By Eleanor Hogan - posted Friday, 9 January 2009


Last night, I dragged my friend “A” out to see the premiere of Australia in Alice. (This was partly a Be Nice to Mothers & Get Them Out of the House gesture and partly because I thought she might be the only of my friends trashy enough to see something with Huge Action in it.) The film was screened to a fairly Alice-style heterogenous audience. An Aboriginal family sat in the row in front of us, and some Mormons in the row behind (I saw the glow of white shirts and name-tags in the darkness). There was chortling, sniggering, gasping, groaning, etc, throughout the length of the film.

What can I say about Australia? In short (if it's possible): an Aboriginal boy finds himself adopted by possibly the most annoying Australian actress of all time who attempts to protect him against the Forces of Antagonism represented in the main by a cattle-thieving David Wenham (much more handsome as a baddie than a gourmet-cooking SNAG) who makes various attempts to frame the boy's grandfather as a murderer, send the boy to the mission, and so forth. Our Nic realises she is her own antagonist (spoiler alert) and that she must release the boy to Go Walkabout and Learn the Ways of his People.

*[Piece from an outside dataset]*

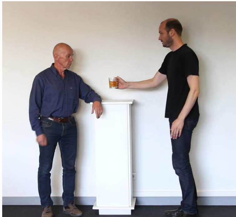
Figure 4. Illustration of the short film used in Experiment 5 and adapted from the comic strip used in Experiments 1-4.

We used short (1 minute) movies in which two male actors (one professional and one semi-professional) played either the role of dominant character or that subordinate character (see Figure 4. for an illustration). The spatial location (left vs. right) of the actors and the roles they were attributed (dominant vs. subordinate) were counterbalanced, resulting in 4 short movies. The scenario and dialogues were identical to those of the comic strips used in Experiments 1-4 (see Figure 1 for the script). Each participant viewed a single movie.

Basically, like Jedda, but less tragic.

Set in the assimilationist period, Australia depicts the various forms of racism that besiege Aboriginal people in the Territory (then and now), especially the impact of the policy of removing children of mixed descent from their parents. Within this milieu, the station is depicted as a potential haven in a heartless world for Aboriginal people - if in the right hands.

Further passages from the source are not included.